Transcribe exactly everything in the data below from the line containing "また、従来のExcelレポー" down to the line containing "XXL-Fliesen reduzieren die", both lines included and nothing further.

START Information supplied

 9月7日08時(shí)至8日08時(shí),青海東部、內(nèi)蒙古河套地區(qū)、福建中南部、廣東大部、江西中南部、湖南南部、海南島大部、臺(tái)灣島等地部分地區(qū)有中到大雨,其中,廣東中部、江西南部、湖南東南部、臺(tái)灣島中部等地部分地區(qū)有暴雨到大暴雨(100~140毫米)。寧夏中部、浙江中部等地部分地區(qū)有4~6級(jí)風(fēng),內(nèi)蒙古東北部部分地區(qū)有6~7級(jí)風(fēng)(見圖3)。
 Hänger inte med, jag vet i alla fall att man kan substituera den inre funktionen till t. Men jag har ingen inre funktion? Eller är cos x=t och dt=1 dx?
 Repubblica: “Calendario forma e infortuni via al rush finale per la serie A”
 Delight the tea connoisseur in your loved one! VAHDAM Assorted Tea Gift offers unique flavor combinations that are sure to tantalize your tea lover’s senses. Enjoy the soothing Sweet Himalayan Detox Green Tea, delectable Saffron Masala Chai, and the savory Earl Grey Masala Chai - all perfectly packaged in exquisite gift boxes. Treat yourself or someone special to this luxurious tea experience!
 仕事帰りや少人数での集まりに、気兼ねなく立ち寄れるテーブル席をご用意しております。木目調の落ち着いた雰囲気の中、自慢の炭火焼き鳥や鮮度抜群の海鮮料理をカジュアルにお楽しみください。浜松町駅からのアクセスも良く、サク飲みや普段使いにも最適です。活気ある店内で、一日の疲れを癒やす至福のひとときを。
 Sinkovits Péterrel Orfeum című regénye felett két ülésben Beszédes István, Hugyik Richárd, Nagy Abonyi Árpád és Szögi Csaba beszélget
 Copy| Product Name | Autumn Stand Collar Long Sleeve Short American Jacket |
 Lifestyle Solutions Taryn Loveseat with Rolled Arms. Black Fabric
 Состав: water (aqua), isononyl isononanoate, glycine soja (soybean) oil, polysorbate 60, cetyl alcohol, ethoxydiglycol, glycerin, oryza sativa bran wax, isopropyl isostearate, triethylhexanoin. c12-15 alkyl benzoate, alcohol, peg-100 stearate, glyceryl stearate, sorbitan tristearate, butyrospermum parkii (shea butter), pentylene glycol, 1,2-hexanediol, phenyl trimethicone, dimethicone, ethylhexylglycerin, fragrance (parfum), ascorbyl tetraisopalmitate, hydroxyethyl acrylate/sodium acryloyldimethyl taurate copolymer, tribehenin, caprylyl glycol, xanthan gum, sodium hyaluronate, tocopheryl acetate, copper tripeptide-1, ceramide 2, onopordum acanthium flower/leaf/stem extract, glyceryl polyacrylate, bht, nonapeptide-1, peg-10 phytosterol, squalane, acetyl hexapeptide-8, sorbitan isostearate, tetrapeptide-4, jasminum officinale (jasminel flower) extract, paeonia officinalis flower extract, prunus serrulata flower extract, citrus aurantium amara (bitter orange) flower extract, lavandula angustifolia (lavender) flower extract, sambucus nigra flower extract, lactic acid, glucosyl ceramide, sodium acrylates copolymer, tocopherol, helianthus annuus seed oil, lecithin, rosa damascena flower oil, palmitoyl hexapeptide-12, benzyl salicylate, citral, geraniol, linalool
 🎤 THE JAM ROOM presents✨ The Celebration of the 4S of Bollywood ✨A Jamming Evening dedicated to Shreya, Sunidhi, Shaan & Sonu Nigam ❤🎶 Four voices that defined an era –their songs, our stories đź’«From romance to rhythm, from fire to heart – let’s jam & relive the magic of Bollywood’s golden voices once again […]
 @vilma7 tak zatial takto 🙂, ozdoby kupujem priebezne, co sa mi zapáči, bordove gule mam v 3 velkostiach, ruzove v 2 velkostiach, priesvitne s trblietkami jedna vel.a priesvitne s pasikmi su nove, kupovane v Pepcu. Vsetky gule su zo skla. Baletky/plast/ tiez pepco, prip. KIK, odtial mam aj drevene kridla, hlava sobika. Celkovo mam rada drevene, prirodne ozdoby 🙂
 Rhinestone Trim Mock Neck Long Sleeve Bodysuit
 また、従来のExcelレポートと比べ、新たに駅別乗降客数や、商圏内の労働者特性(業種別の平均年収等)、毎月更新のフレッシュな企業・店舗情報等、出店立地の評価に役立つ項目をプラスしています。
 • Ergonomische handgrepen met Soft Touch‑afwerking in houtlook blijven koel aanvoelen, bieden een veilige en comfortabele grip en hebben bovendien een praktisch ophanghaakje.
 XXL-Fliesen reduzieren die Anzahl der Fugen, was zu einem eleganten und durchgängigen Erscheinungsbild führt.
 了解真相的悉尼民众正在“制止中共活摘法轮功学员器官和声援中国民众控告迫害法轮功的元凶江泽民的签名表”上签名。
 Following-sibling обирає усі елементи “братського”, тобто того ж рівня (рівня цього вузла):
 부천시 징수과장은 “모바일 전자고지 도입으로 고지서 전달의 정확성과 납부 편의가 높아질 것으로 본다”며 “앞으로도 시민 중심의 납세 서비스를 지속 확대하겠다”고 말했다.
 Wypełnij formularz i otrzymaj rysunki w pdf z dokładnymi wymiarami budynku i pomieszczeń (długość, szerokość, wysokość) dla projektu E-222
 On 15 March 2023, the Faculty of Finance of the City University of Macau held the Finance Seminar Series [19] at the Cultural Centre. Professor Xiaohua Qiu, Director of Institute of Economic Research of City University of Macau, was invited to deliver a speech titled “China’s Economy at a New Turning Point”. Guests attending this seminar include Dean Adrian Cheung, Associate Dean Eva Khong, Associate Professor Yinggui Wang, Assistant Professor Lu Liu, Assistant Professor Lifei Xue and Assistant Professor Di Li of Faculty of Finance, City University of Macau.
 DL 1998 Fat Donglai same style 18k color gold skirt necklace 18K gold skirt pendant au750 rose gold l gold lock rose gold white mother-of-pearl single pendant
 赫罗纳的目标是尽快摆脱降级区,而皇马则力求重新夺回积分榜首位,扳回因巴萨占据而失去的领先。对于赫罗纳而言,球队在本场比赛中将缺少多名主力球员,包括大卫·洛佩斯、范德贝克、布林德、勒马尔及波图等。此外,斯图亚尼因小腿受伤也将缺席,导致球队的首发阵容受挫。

END Information supplied

> **Exercise answer**:
 また、従来のExcelレポートと比べ、新たに駅別乗降客数や、商圏内の労働者特性(業種別の平均年収等)、毎月更新のフレッシュな企業・店舗情報等、出店立地の評価に役立つ項目をプラスしています。
 • Ergonomische handgrepen met Soft Touch‑afwerking in houtlook blijven koel aanvoelen, bieden een veilige en comfortabele grip en hebben bovendien een praktisch ophanghaakje.
 XXL-Fliesen reduzieren die Anzahl der Fugen, was zu einem eleganten und durchgängigen Erscheinungsbild führt.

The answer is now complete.